$ command extentions

[J-Dunn]

Oicking up a suggestion I made on the main GRBL git.
grbl#980 (comment)

I have been using GRBL with L6474 driver boards ( Arduino pin-out ) , which require some additional set-up parameters since they are a lot more configurable than the typical STEP/DIR boards commonly used.

The boards use classic STEP/DIR pins but the rest goes through a SPI daisychain including ENABLE / DISABLE.

There's a bunch of parameters like slew-rate etc that can be set but the main difference is programmable current setting; a hardware error FLAG and status byte which needs to be read to clear the error.

I have added a few $ commands to the GRBL interpreter to set and interrogate the various parameters and an interrupt to respond to error pin input. The most common error conditions are over-temperture warning, over-temperture error ( hard fault ) and supply under-voltage condition.

I am going to be tidying this up a bit now and wondered whether there are any guidelines for extending GRBL's interpreter so that I can avoid clashes with future work any maybe provide something of more general use.

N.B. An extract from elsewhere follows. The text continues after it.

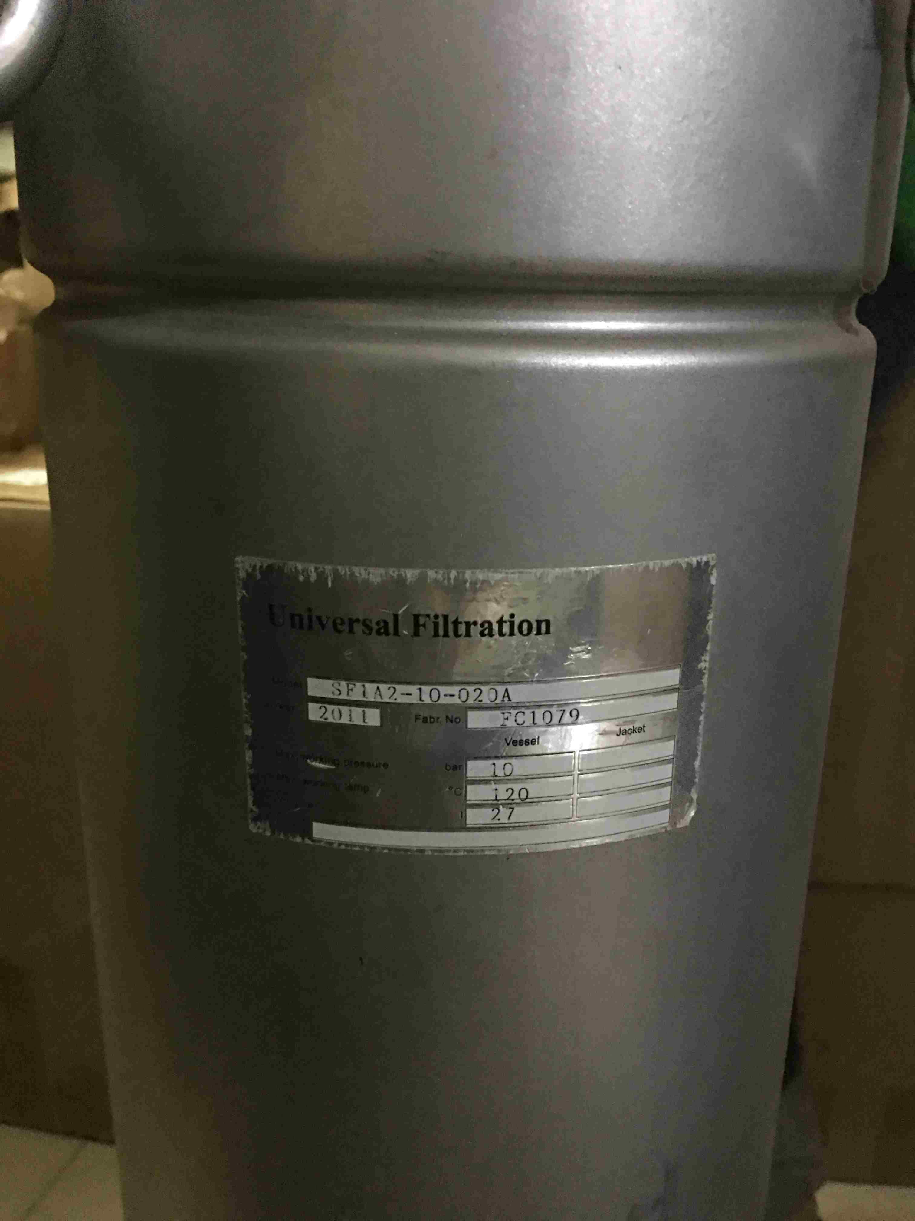 Nhà sản xuất Universal Filtration Singapore, nhà máy tại Thượng Hải - TQ Chất liệu: inox 304 (loại inox mờ, đã xử lý bề mặt cho ngành thực phẩm, dược phẩm), chịu áp tối đa 10 bar, nhiệt độ 90 độ C, Thể tích 27 lít
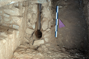 On a poursuivi la fouille d’un espace orthogonal (fig. 6-7), qui, vers le Sud, a détruit le mur Nord de la basilique. Cet espace, soigneusement construit en blocs de schiste taillés, est relié à un sol dallé au Nord (fig. 6). On lui associe également une canalisation en terre cuite à l’Est, en forme de Π renversé, couverte de dalles dans un premier temps. Cette canalisation se dirigeait vers le Nord, aboutissant à un petit réservoir formé par une panse d’amphore en argile (fig. 8). Aux parois internes des trois murs conservés de l’espace orthogonal sont encore attachés, par endroit, des fragments d’enduits appartenant à deux phases, de couleur blanche et bleu-vert (fig. 7). Cette structure paraît être liée à une fontaine qui se trouvait à l’arrière du portique hellénistique.

As an example I have commands like the following to set chip parameters for each board:
$P[board_id]:[param_id]=[param_value]

Boards are becoming more configurable and this sort of situation will start becoming more common. If there is not any defined way of extending the current code set, it may be good think about providing one.

The primary requirement will obviously be to avoid clashes with any NIST GCODES and anything that may be tentatively in the making for additional GRBL commands.

[J-Dunn]

what I have put together is specific to the needs of the L6474 chip. Though this is probably fairly typical of SPI configurable h/w that is becoming more common.

The STM L6474 devices can be daisy-chained and a series of commands sent to any combination of the driver boards in the chain. Typical communications involve either setting or reading chip parameters. These commands can be 1 ,2 or 3 bytes long. There is also a h/w interrupt line that needs servicing.

Valid Non-Command Words: F, I, J, K, L, N, P, R, S, T, X, Y, Z

Hooking some new functions into the existing command structure is fairly simple. I tucked it in under $# parsing:
case '#' : // Print Grbl NGC parameters

I used S to query status bytes of any/all chips.

       case 'S' : // get L6474 status
       case 'L' : // send L6474 command
       case 'P' : // getL6474 param
       case 'Z' : // get L6474 status without clearing error

Sending commands is used to enable / disable the chip , there is no input pin for this.
There is a non destructive status read and similar one which is used to also clear the error condition.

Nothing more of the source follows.